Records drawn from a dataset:
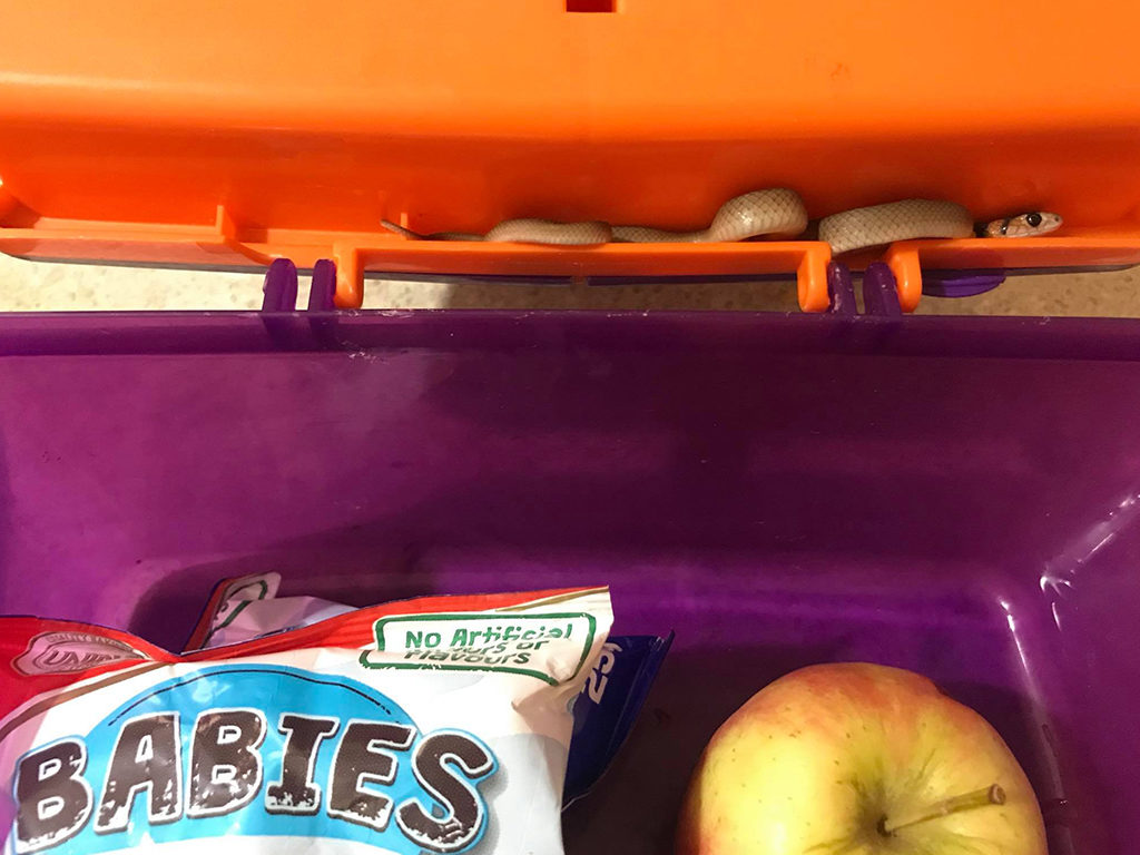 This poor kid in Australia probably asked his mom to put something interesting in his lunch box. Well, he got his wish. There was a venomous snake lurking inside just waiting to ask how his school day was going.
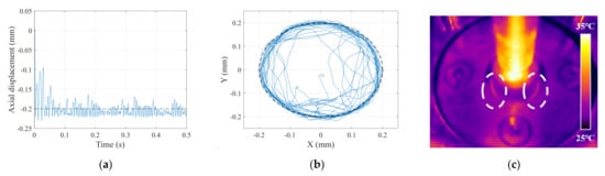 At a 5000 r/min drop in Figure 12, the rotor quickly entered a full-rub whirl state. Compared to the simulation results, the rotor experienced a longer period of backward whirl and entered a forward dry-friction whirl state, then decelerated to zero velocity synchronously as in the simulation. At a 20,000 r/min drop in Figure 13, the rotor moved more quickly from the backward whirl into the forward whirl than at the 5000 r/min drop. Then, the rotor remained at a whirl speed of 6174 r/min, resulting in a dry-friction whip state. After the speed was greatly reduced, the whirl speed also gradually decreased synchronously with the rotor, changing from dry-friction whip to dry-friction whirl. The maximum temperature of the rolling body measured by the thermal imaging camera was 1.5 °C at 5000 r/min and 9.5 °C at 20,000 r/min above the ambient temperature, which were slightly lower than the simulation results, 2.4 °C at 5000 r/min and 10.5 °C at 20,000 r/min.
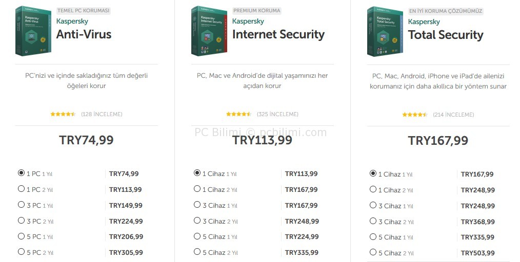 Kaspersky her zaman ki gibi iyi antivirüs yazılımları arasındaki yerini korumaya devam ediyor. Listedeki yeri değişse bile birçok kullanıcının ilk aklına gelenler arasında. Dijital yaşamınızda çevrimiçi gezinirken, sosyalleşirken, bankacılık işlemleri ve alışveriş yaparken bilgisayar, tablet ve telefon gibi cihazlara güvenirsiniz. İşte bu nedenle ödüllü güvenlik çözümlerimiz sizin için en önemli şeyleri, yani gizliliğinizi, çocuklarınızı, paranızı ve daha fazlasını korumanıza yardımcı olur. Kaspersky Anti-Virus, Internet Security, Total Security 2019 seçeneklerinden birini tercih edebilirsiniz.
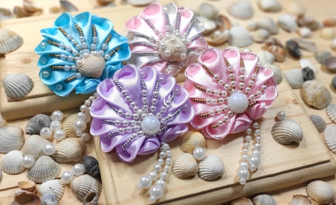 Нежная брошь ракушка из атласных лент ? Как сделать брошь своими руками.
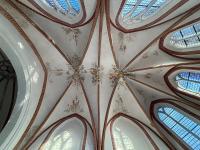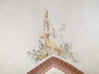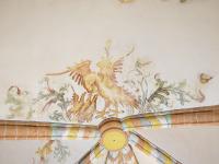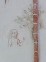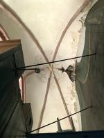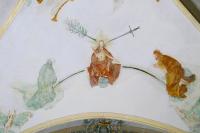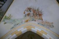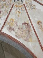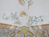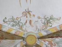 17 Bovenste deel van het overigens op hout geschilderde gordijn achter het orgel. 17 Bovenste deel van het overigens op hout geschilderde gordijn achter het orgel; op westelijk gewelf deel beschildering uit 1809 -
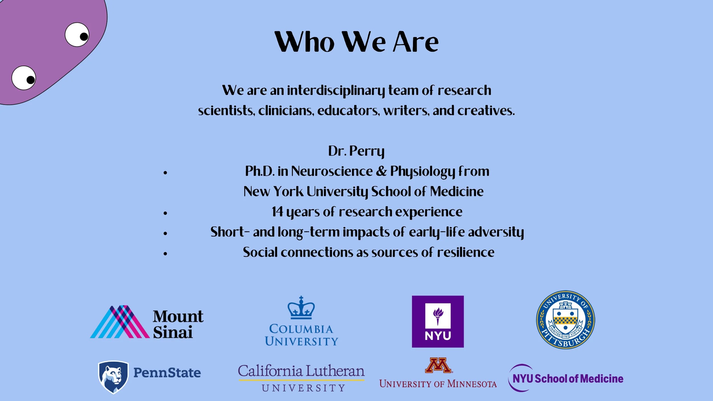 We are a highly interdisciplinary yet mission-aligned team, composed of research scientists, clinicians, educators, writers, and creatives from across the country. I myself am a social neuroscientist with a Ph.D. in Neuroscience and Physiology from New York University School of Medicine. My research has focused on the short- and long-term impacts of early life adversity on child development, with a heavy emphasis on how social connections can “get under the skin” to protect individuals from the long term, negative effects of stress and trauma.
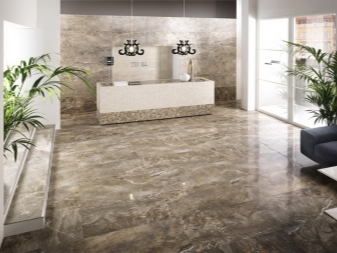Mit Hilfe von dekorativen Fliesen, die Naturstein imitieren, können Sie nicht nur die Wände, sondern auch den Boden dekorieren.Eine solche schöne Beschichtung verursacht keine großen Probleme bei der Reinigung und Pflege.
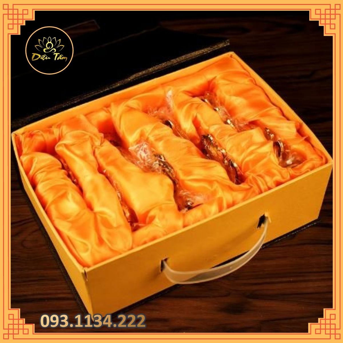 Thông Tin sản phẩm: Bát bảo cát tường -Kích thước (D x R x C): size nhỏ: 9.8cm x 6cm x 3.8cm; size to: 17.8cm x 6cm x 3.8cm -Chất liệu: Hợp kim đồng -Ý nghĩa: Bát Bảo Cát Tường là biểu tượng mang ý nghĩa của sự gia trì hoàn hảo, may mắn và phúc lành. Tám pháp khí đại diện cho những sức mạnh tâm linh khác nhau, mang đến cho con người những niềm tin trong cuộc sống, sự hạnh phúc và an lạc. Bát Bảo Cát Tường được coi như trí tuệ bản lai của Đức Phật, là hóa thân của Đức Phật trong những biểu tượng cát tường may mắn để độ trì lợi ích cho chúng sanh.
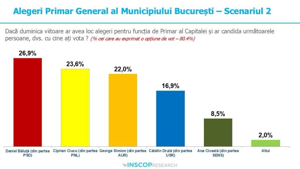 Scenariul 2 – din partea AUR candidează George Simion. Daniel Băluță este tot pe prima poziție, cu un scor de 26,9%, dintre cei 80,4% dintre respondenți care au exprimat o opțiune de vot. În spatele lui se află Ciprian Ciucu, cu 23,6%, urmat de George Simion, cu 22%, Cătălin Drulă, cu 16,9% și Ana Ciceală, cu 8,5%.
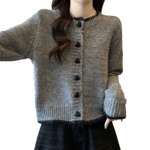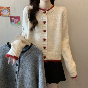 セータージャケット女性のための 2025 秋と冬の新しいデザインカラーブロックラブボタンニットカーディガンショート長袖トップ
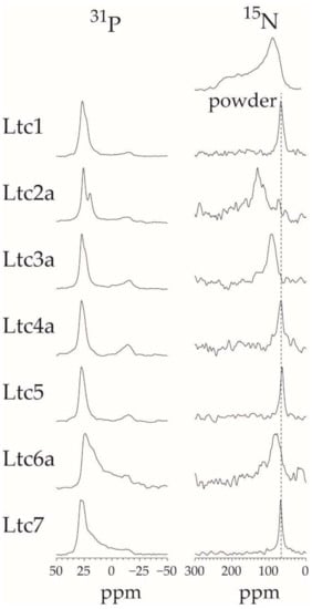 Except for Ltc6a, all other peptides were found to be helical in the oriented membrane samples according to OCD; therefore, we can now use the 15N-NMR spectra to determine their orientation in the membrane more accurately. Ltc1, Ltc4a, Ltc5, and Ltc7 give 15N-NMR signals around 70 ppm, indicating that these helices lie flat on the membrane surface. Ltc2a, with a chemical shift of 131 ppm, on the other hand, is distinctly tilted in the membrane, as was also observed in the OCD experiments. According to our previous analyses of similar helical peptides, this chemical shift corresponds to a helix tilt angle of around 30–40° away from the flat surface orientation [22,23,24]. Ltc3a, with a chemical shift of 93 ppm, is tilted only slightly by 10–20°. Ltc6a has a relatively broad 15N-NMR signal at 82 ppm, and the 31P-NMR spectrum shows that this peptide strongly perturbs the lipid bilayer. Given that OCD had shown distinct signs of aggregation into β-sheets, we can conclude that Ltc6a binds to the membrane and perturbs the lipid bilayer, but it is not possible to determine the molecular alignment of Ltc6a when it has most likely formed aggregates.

PROMPT =>
Set down the data above verbatim, omitting every image.

WRITTEN RESPONSE =>
 This poor kid in Australia probably asked his mom to put something interesting in his lunch box. Well, he got his wish. There was a venomous snake lurking inside just waiting to ask how his school day was going.
 At a 5000 r/min drop in Figure 12, the rotor quickly entered a full-rub whirl state. Compared to the simulation results, the rotor experienced a longer period of backward whirl and entered a forward dry-friction whirl state, then decelerated to zero velocity synchronously as in the simulation. At a 20,000 r/min drop in Figure 13, the rotor moved more quickly from the backward whirl into the forward whirl than at the 5000 r/min drop. Then, the rotor remained at a whirl speed of 6174 r/min, resulting in a dry-friction whip state. After the speed was greatly reduced, the whirl speed also gradually decreased synchronously with the rotor, changing from dry-friction whip to dry-friction whirl. The maximum temperature of the rolling body measured by the thermal imaging camera was 1.5 °C at 5000 r/min and 9.5 °C at 20,000 r/min above the ambient temperature, which were slightly lower than the simulation results, 2.4 °C at 5000 r/min and 10.5 °C at 20,000 r/min.
 Kaspersky her zaman ki gibi iyi antivirüs yazılımları arasındaki yerini korumaya devam ediyor. Listedeki yeri değişse bile birçok kullanıcının ilk aklına gelenler arasında. Dijital yaşamınızda çevrimiçi gezinirken, sosyalleşirken, bankacılık işlemleri ve alışveriş yaparken bilgisayar, tablet ve telefon gibi cihazlara güvenirsiniz. İşte bu nedenle ödüllü güvenlik çözümlerimiz sizin için en önemli şeyleri, yani gizliliğinizi, çocuklarınızı, paranızı ve daha fazlasını korumanıza yardımcı olur. Kaspersky Anti-Virus, Internet Security, Total Security 2019 seçeneklerinden birini tercih edebilirsiniz.
 Нежная брошь ракушка из атласных лент ? Как сделать брошь своими руками.
 17 Bovenste deel van het overigens op hout geschilderde gordijn achter het orgel. 17 Bovenste deel van het overigens op hout geschilderde gordijn achter het orgel; op westelijk gewelf deel beschildering uit 1809 -
 We are a highly interdisciplinary yet mission-aligned team, composed of research scientists, clinicians, educators, writers, and creatives from across the country. I myself am a social neuroscientist with a Ph.D. in Neuroscience and Physiology from New York University School of Medicine. My research has focused on the short- and long-term impacts of early life adversity on child development, with a heavy emphasis on how social connections can “get under the skin” to protect individuals from the long term, negative effects of stress and trauma.
Mit Hilfe von dekorativen Fliesen, die Naturstein imitieren, können Sie nicht nur die Wände, sondern auch den Boden dekorieren.Eine solche schöne Beschichtung verursacht keine großen Probleme bei der Reinigung und Pflege.
 Thông Tin sản phẩm: Bát bảo cát tường -Kích thước (D x R x C): size nhỏ: 9.8cm x 6cm x 3.8cm; size to: 17.8cm x 6cm x 3.8cm -Chất liệu: Hợp kim đồng -Ý nghĩa: Bát Bảo Cát Tường là biểu tượng mang ý nghĩa của sự gia trì hoàn hảo, may mắn và phúc lành. Tám pháp khí đại diện cho những sức mạnh tâm linh khác nhau, mang đến cho con người những niềm tin trong cuộc sống, sự hạnh phúc và an lạc. Bát Bảo Cát Tường được coi như trí tuệ bản lai của Đức Phật, là hóa thân của Đức Phật trong những biểu tượng cát tường may mắn để độ trì lợi ích cho chúng sanh.
 Scenariul 2 – din partea AUR candidează George Simion. Daniel Băluță este tot pe prima poziție, cu un scor de 26,9%, dintre cei 80,4% dintre respondenți care au exprimat o opțiune de vot. În spatele lui se află Ciprian Ciucu, cu 23,6%, urmat de George Simion, cu 22%, Cătălin Drulă, cu 16,9% și Ana Ciceală, cu 8,5%.
 セータージャケット女性のための 2025 秋と冬の新しいデザインカラーブロックラブボタンニットカーディガンショート長袖トップ
 Except for Ltc6a, all other peptides were found to be helical in the oriented membrane samples according to OCD; therefore, we can now use the 15N-NMR spectra to determine their orientation in the membrane more accurately. Ltc1, Ltc4a, Ltc5, and Ltc7 give 15N-NMR signals around 70 ppm, indicating that these helices lie flat on the membrane surface. Ltc2a, with a chemical shift of 131 ppm, on the other hand, is distinctly tilted in the membrane, as was also observed in the OCD experiments. According to our previous analyses of similar helical peptides, this chemical shift corresponds to a helix tilt angle of around 30–40° away from the flat surface orientation [22,23,24]. Ltc3a, with a chemical shift of 93 ppm, is tilted only slightly by 10–20°. Ltc6a has a relatively broad 15N-NMR signal at 82 ppm, and the 31P-NMR spectrum shows that this peptide strongly perturbs the lipid bilayer. Given that OCD had shown distinct signs of aggregation into β-sheets, we can conclude that Ltc6a binds to the membrane and perturbs the lipid bilayer, but it is not possible to determine the molecular alignment of Ltc6a when it has most likely formed aggregates.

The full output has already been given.